Malgré les tentatives de replâtrage et autres promotions de jeunes cadres
prétendument vierges d’une histoire peu glorieuse, le Rassemblement national
reste le Front national. Il y a deux ans encore, au perchoir de l’Assemblée
nationale, le doyen et député du RN José Gonzalez s’était fendu d’un discours
qui transpirait la nostalgie de l’Algérie française. Ce discours avait été relu
par Marine Le Pen.
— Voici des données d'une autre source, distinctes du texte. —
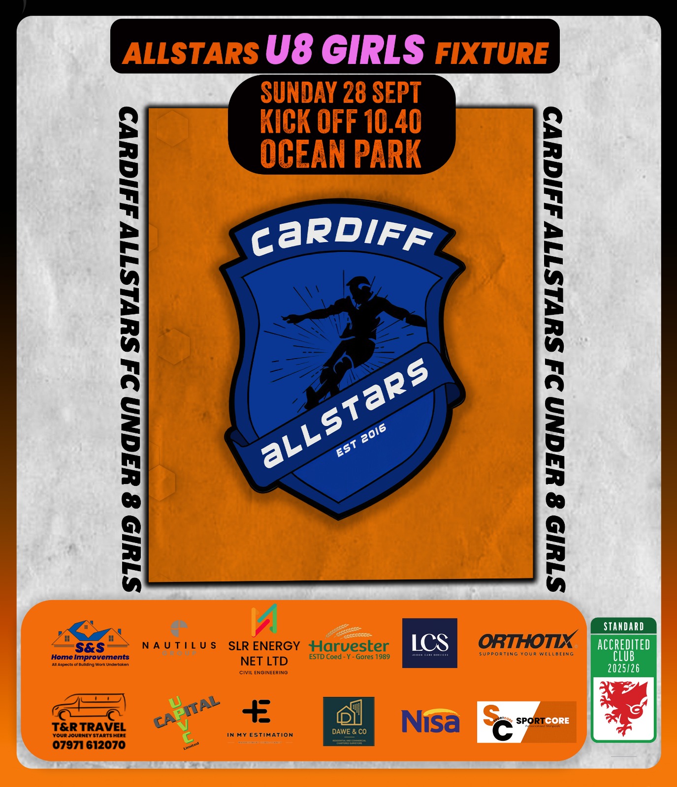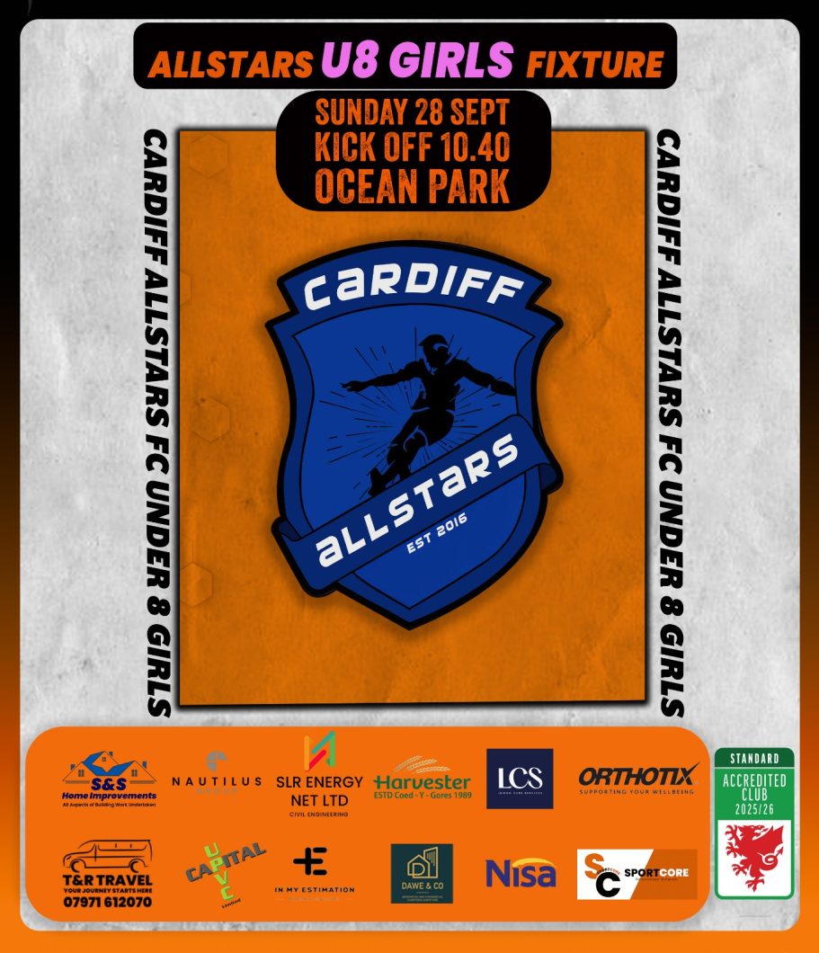 The Under 8’s Girls Team is a wonderful addition to the Cardiff Allstars family, and we’re proud to welcome them to our club. Here’s to a season full of goals, smiles, and unforgettable moments on the pitch!

Interpellé plus tard sur l’OAS, il avait osé déclarer
qu’il n’était pas là « pour juger » si cette
organisation terroriste à l’origine d’innombrables attentats meurtriers
avait « commis des crimes ou pas ».
L’aversion des immigrés – le fonds de commerce électoral de l’extrême
droite – s’inscrit dans le combat d’arrière-garde de Jean-Marie
Le Pen en faveur d’une Algérie française fantasmée que Paris aurait
lâchement livrée aux Arabes, qui envahiraient aujourd’hui nos territoires tels
des colons, selon l’inepte et insupportable thèse du « grand
remplacement ». La normalisation du RN, c’est aussi la banalisation de ce
legs de haine colonialiste.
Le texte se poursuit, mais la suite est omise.